Under Musharraf’s Devolution Plan, a 33 per cent quota for women was introduced in local councils and 17 per cent seats were reserved for them in the legislative assemblies.
Consequently, the first local government election held under the Local Government Ordinance 2001 had brought 36,105 women councilors in the local government system.
Out of 36,066 seats reserved for women in 6,022 union councils, some 32, 222 were filled through direct election while 3,898 were allocated at the tehsil and district level through indirect mode of election.
However, through an amendment in the Local Government Ordinance, the overall number of local councilors at the union council was reduced from 21 to 13, which had negatively impacted on women’s numerical strength in the system that resultantly came down from 36,066 to 24,528.
The literature on the devolution and the local government was primarily produced by the National Reconstruction Bureau, which was established under General Naqvi to undertake the task of political, administrative and financial devolution.
According to the “Journal of International Politics, “The Basic Democracies Ordinance 1959 established the new local governments. Ayub Khan dissolved the higher-tier of elected governments in and revived local governments as the only representative tier of the government. The objective was to control the centre and cultivate pro-military leadership at the local level.
Later, General Ayub introduced the Municipal Administration Ordinance 1960, which comprised of a hierarchical system of four linked tiers. The lowest tier was union councils consisting of elected members. The union council members elected the chairman from amongst themselves.”
The journal adds: “Overall, following colonial legacy, local governments were controlled by the bureaucracy. Deputy commissioners and commissioners chief bureaucrats at the district and the division level respectively had the power to annul any proceedings or decisions taken by the local councils.
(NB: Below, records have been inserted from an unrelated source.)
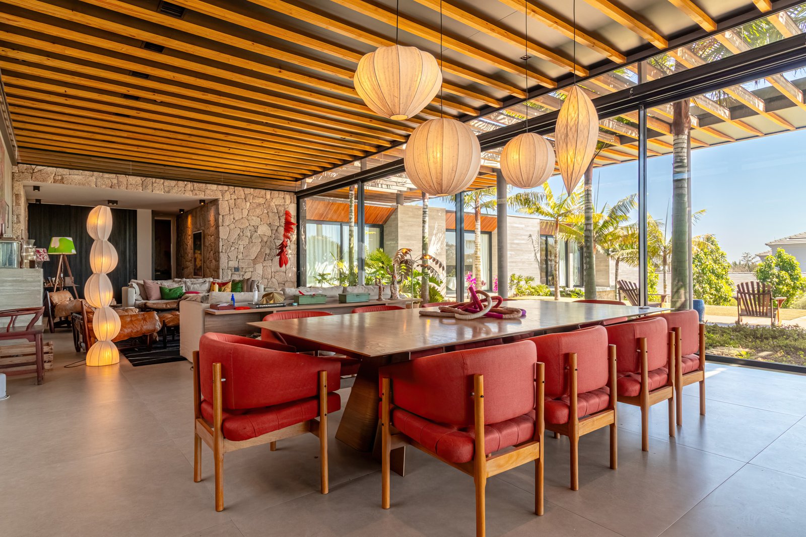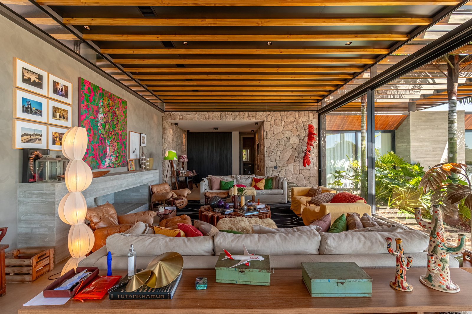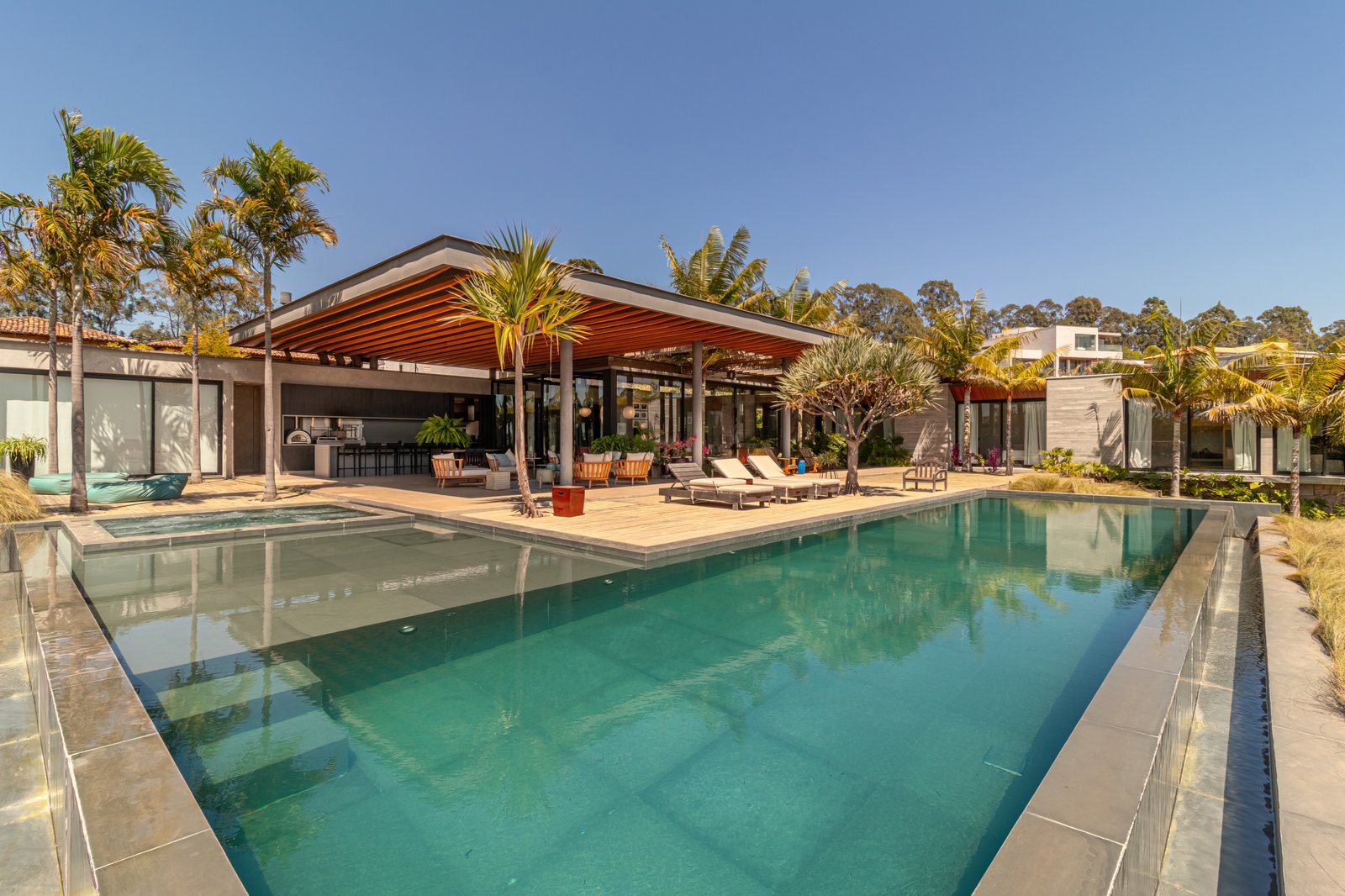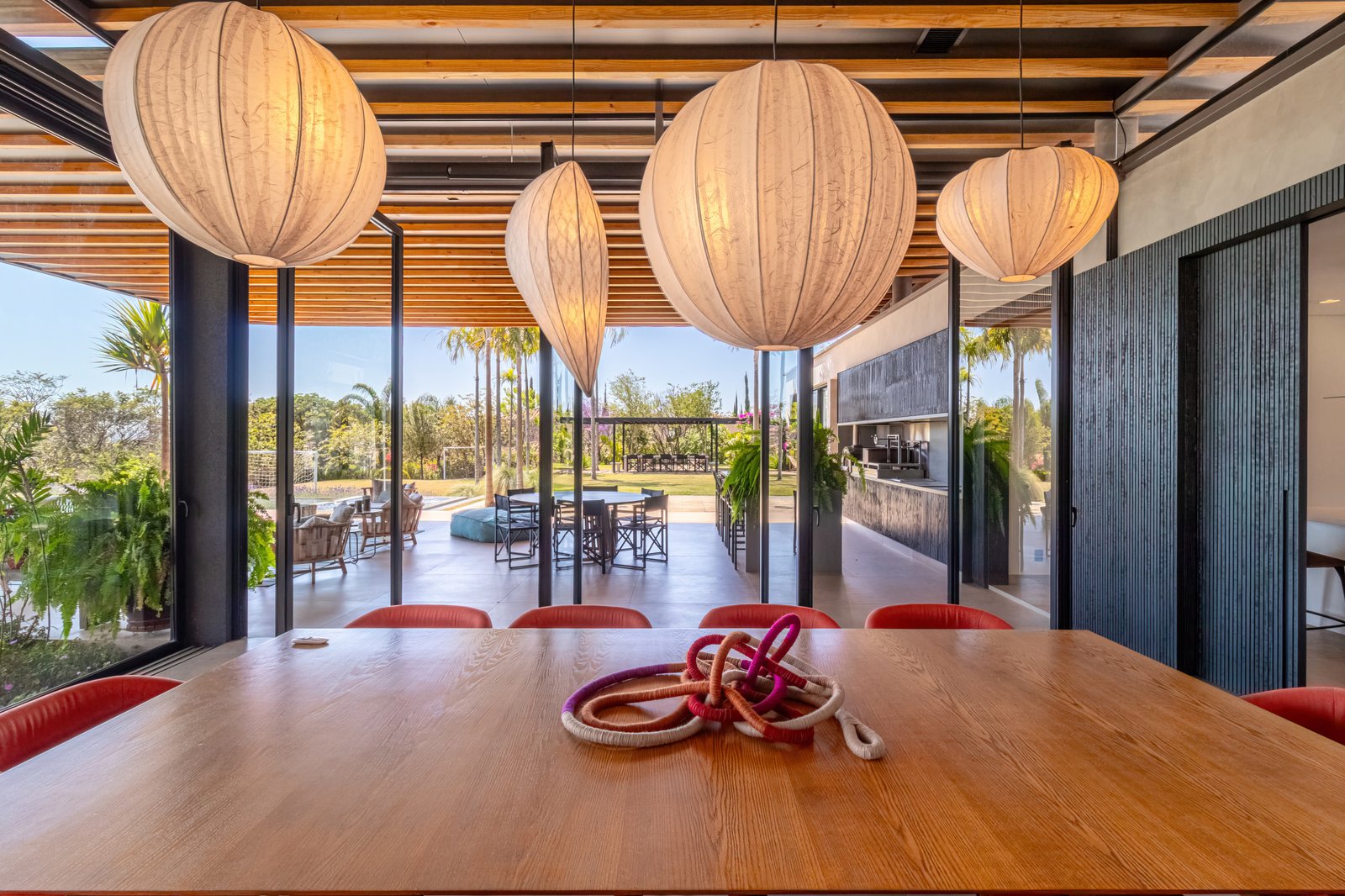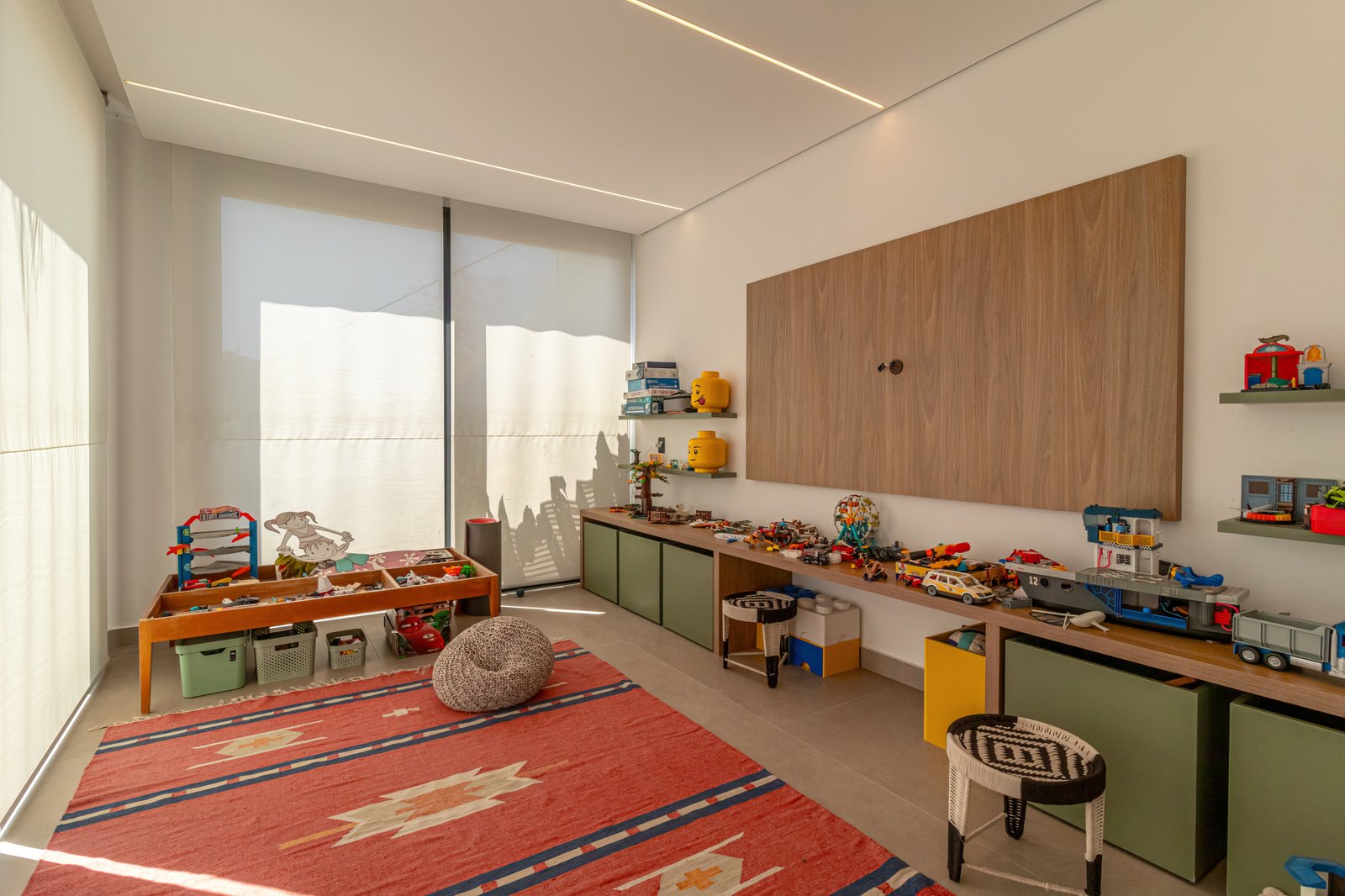 Casa à venda no Condomínio Fazenda da Grama - Itupeva/SP. Residência térrea localizada na parte alta da Fazenda da Grama, em área nobre e silenciosa, fora da rota de aviões e distante dos ruídos do autódromo e de eventos festivos. Com orientação solar norte, o imóvel oferece excelente iluminação natural e conforto térmico ao longo do dia. O projeto arquitetônico é assinado por Lucas Padovani, com interiores desenvolvidos por Paulo Azevedo e paisagismo elaborado por Alexandre Furcolin. A casa conta com cinco suítes, brinquedoteca, quarto de serviço e cozinha equipada com móveis Ornare. Todos os ambientes sociais e o jardim possuem sistema de automação, e a climatização é completa em toda a residência, incluindo uma grelha integrada à sala. A área externa é ampla e contempla um jardim exuberante com pergolado, lareira externa, pomar, horta, campo de futebol e redário. O espaço gourmet é integrado à área social, ideal para receber com conforto e sofisticação. A piscina possui raia, prainha e spa, com aquecimento solar. No rooftop, um generoso deck de madeira oferece vista panorâmica privilegiada. A infraestrutura do imóvel inclui poço artesiano, placas fotovoltaicas, esperas para gerador, tomada para carro elétrico e adega embutida com capacidade para 500 garrafas.
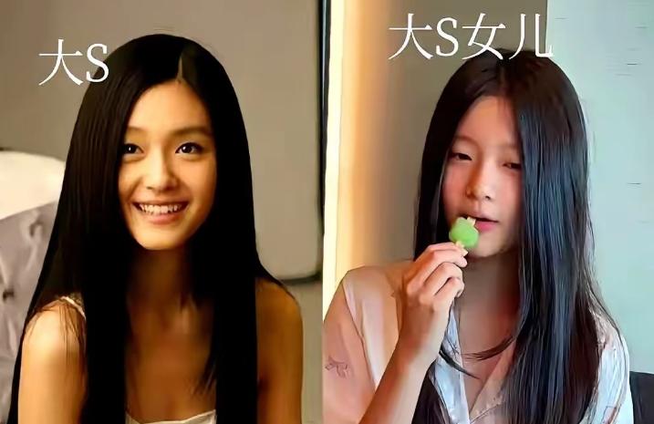 长长的头发披在肩上,那发质那长度,跟妈妈大S年轻时候简直一个模子刻出来的。
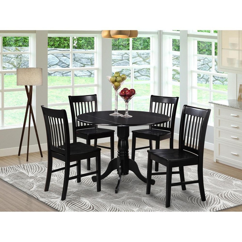 -Package Includes: 5 piece kitchen Round Table with Drop Leaves and 4 wood Seat Chairs in a Black Finish

The prime motivation for introducing local governments by Ayub Khan was to legitimise his Presidential Constitution (1962) that gave control of the state to the military through the office of the President.”
The research paper asserted: “After a short democratic term under Zulfiqar Ali Bhutto (1972-77), the military once again got control of state power through General Zia-ul-Haq’s military coup in 1977 and ousted the government of late prime minister Zulfikar Ali Bhutto. Local governments were revived and reformed, and the Local Government Ordinance 1979 was enacted that remained operational until 2000 in Pakistan.”
Under General Zia, local governments were introduced in the absence of national or provincial governments under the direct control of the military. Local government elections were held on a non-party basis in all provinces in Pakistan.
While Ayub Khan had increased the share of development funding for rural areas to muster political support from these regions, the General Zia regime also maintained rural-urban divide, as his local government system did not require urban councils to share the benefit of such councils increased per capita income with that of rural councils.
The “Journal of International Politics notes: “The system of non-party elections for local governments introduced by Ayub Khan and Zia had a long-lasting impact on Pakistani politics. The candidates could not mobilise people on party bases and consequently relied on their clans and castes to support them in local government elections. The new political elite that emerged from local councils during General Zia’s time was elected to national and provincial parliaments through a non-party system of elections and came to power through military patronage and the strength of their clan and caste. These new politicians, after becoming members of national and provincial parliaments, introduced politics based on their experience of local governance. They started patronising their clan-based constituencies by using development funds to boost their chances to be re-elected.”